**Work order**
Every line below must be reproduced exactly; no pictures are to be included.

**Dataset excerpt**
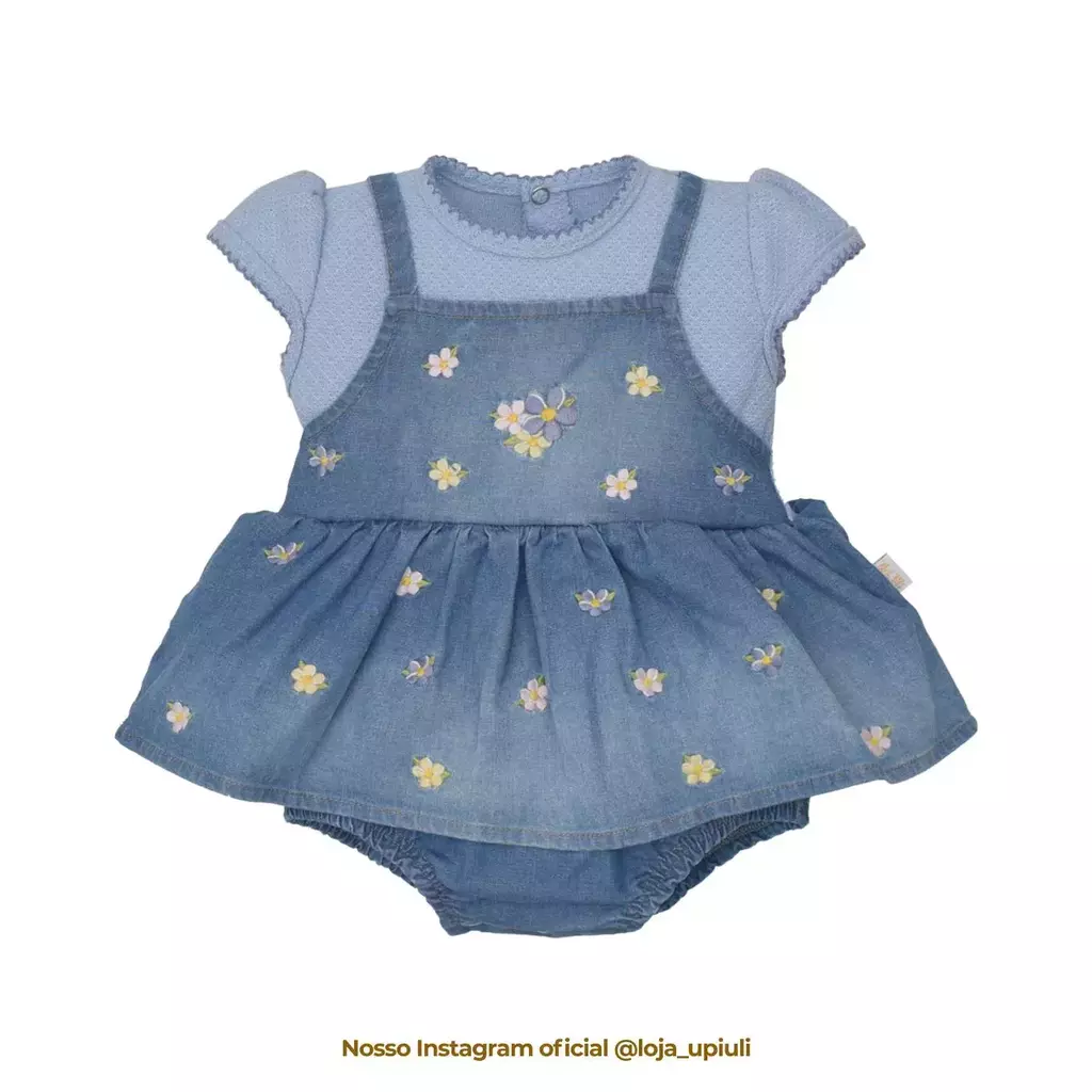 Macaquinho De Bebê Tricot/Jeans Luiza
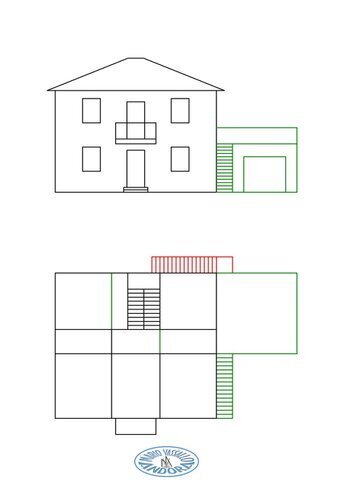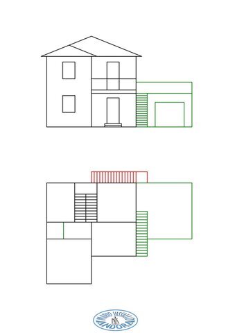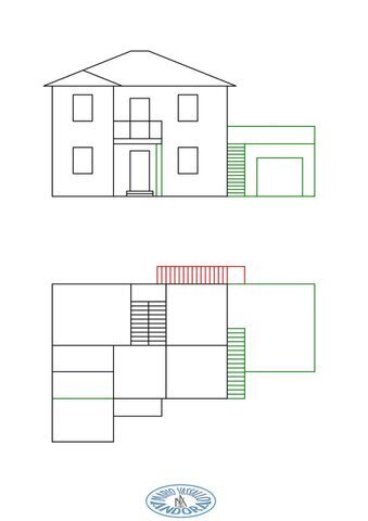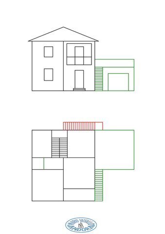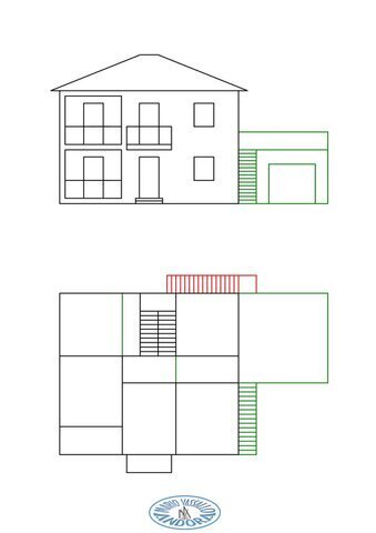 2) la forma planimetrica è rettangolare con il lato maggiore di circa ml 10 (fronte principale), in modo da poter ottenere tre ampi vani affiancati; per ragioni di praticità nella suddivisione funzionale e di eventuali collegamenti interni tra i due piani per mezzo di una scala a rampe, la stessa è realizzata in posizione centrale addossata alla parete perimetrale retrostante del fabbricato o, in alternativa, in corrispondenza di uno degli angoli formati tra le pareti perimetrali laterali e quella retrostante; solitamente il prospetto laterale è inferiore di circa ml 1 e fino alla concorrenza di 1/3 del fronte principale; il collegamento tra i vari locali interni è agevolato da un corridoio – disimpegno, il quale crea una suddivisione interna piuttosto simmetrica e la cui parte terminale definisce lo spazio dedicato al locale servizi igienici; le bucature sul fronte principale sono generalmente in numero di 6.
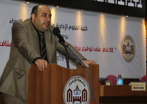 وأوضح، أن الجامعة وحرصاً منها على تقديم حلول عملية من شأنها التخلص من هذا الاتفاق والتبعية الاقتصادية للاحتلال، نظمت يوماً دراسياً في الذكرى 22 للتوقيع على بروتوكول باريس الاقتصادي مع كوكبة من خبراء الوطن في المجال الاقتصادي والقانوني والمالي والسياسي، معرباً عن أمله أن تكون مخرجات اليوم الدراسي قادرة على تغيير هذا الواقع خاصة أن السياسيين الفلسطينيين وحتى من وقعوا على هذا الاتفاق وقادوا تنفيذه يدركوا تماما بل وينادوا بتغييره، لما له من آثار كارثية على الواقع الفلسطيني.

**Expected answer**
 Macaquinho De Bebê Tricot/Jeans Luiza
 2) la forma planimetrica è rettangolare con il lato maggiore di circa ml 10 (fronte principale), in modo da poter ottenere tre ampi vani affiancati; per ragioni di praticità nella suddivisione funzionale e di eventuali collegamenti interni tra i due piani per mezzo di una scala a rampe, la stessa è realizzata in posizione centrale addossata alla parete perimetrale retrostante del fabbricato o, in alternativa, in corrispondenza di uno degli angoli formati tra le pareti perimetrali laterali e quella retrostante; solitamente il prospetto laterale è inferiore di circa ml 1 e fino alla concorrenza di 1/3 del fronte principale; il collegamento tra i vari locali interni è agevolato da un corridoio – disimpegno, il quale crea una suddivisione interna piuttosto simmetrica e la cui parte terminale definisce lo spazio dedicato al locale servizi igienici; le bucature sul fronte principale sono generalmente in numero di 6.
 وأوضح، أن الجامعة وحرصاً منها على تقديم حلول عملية من شأنها التخلص من هذا الاتفاق والتبعية الاقتصادية للاحتلال، نظمت يوماً دراسياً في الذكرى 22 للتوقيع على بروتوكول باريس الاقتصادي مع كوكبة من خبراء الوطن في المجال الاقتصادي والقانوني والمالي والسياسي، معرباً عن أمله أن تكون مخرجات اليوم الدراسي قادرة على تغيير هذا الواقع خاصة أن السياسيين الفلسطينيين وحتى من وقعوا على هذا الاتفاق وقادوا تنفيذه يدركوا تماما بل وينادوا بتغييره، لما له من آثار كارثية على الواقع الفلسطيني.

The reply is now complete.